Definition as EA anti-pattern?
If you’re an enterprise-architect and you haven’t yet come across Ric Phillips‘ wonderful EA Patterns blog, go over there right now: you’re in for a treat! To mix metaphors somewhat, I’d have to say it’s a national-treasure for the trade. 🙂
Yet there’s a definite challenge for me there, too, because as Ric says:
My goal is to share good ideas about enterprise architecture without using a lot of words.
Uh… oops… sorry… 😐 Yeah, my output does use “a lot of words”, I’ll have to admit that…
But there’s an even worse challenge for me in his most recent post:
Architecture-by-definition is an anti-pattern.
The goal of a definition is to remove noise.
You add another layer of noise when your definitions are model-specific sub-definitions for commonly understood terms. For example: service, product, capability, or system.
Special definitions introduce an additional cognitive load that easily outweighs the benefits of a more sophisticated model.

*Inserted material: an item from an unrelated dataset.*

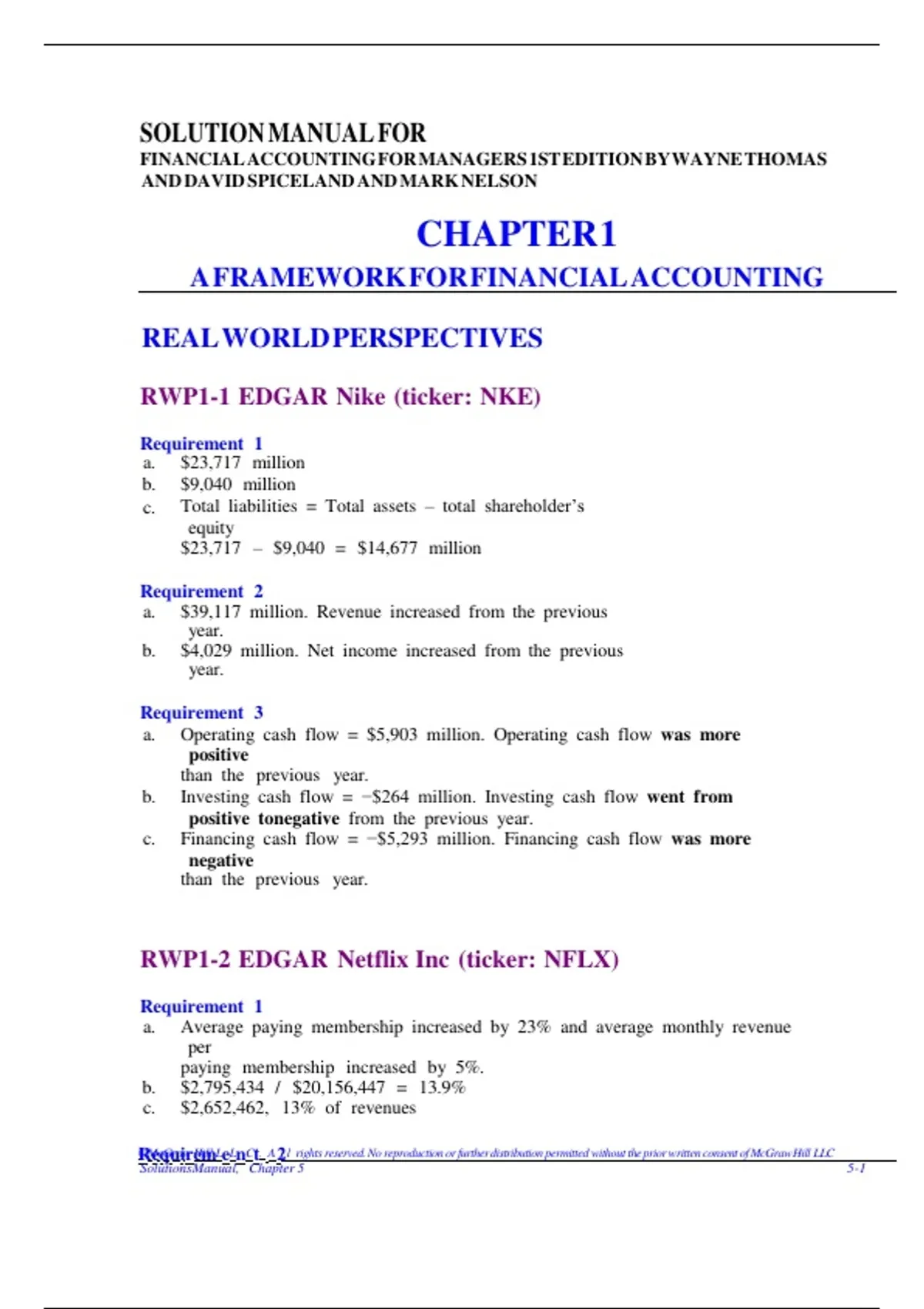 FINANCIAL ACCOUNTING FOR MANAGERS 1ST EDITION BY WAYNE THOMAS

Ouch indeed – because I’ve put a lot of effort into precision on definitions on terms such as service versus product, or service versus function versus capability, or the distinctions between ‘organisation’ and ‘enterprise’. (Use the search-box on this page – to the right of or below this post – to do a web-search here for those terms: you’ll soon find some of the relevant posts. A fair few slidedecks, too. A heck of a lot, overall. Oh well.)
To be slightly more fair to myself here, most of it has been about precision of terminology for use within EA itself – not necessarily for use outside of our own discipline. Much like building-architects, we need precision of terms in some places, where others might get away with much looser terminology. (Though that loose usage is itself often highly problematic: witness the chaos caused by the near-random meanings assigned to ‘business-process’ versus ‘business-service’ versus ‘business-function’ versus ‘business-capability’ verus ‘business-unit’ and so on and so on. Sigh…)
But if Ric is right, then it’s possible – probable? – that all I’ve done is added to the confusion and ‘noise’. Has it all just been a waste of everyone’s time? Yikes… 🙁
Your opinions and comments, perhaps?
The trouble is with what Ric calls “commonly understood” terms. How do we know we have such a common understanding? Of course, the *usage* of a term is the best indication, but often, different people’s usage of a term is close, but not really the same. How do we detect small but important differences?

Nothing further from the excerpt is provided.